◆ **SOURCE MATERIAL**:
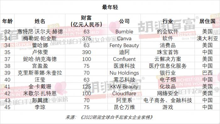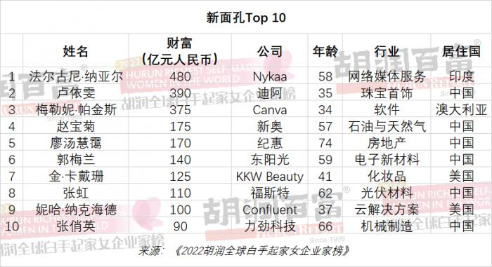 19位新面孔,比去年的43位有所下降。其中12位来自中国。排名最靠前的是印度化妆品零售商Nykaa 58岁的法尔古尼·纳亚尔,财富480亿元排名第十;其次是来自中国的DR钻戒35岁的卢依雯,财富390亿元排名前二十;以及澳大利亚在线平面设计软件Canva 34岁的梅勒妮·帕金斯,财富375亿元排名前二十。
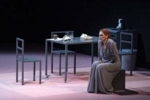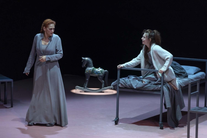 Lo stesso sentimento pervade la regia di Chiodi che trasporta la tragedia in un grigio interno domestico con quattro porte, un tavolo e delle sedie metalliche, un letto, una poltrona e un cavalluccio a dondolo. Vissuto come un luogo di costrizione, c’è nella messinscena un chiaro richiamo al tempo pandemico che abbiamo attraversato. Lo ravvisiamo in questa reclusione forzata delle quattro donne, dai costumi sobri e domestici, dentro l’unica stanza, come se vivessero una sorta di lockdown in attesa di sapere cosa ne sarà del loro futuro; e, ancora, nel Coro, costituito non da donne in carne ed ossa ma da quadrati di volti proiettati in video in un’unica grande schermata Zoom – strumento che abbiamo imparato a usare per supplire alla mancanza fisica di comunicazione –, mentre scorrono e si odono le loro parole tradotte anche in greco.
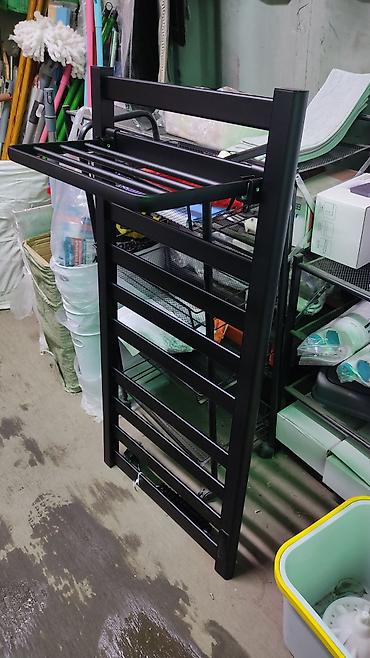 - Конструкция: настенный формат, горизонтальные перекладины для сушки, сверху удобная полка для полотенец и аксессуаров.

◆ **WHAT IS NEEDED**: Without changing a word, restate the listing above; the pictures stay out.

◆ **RESPONSE FOR THIS EXERCISE**:
 19位新面孔,比去年的43位有所下降。其中12位来自中国。排名最靠前的是印度化妆品零售商Nykaa 58岁的法尔古尼·纳亚尔,财富480亿元排名第十;其次是来自中国的DR钻戒35岁的卢依雯,财富390亿元排名前二十;以及澳大利亚在线平面设计软件Canva 34岁的梅勒妮·帕金斯,财富375亿元排名前二十。
 Lo stesso sentimento pervade la regia di Chiodi che trasporta la tragedia in un grigio interno domestico con quattro porte, un tavolo e delle sedie metalliche, un letto, una poltrona e un cavalluccio a dondolo. Vissuto come un luogo di costrizione, c’è nella messinscena un chiaro richiamo al tempo pandemico che abbiamo attraversato. Lo ravvisiamo in questa reclusione forzata delle quattro donne, dai costumi sobri e domestici, dentro l’unica stanza, come se vivessero una sorta di lockdown in attesa di sapere cosa ne sarà del loro futuro; e, ancora, nel Coro, costituito non da donne in carne ed ossa ma da quadrati di volti proiettati in video in un’unica grande schermata Zoom – strumento che abbiamo imparato a usare per supplire alla mancanza fisica di comunicazione –, mentre scorrono e si odono le loro parole tradotte anche in greco.
 - Конструкция: настенный формат, горизонтальные перекладины для сушки, сверху удобная полка для полотенец и аксессуаров.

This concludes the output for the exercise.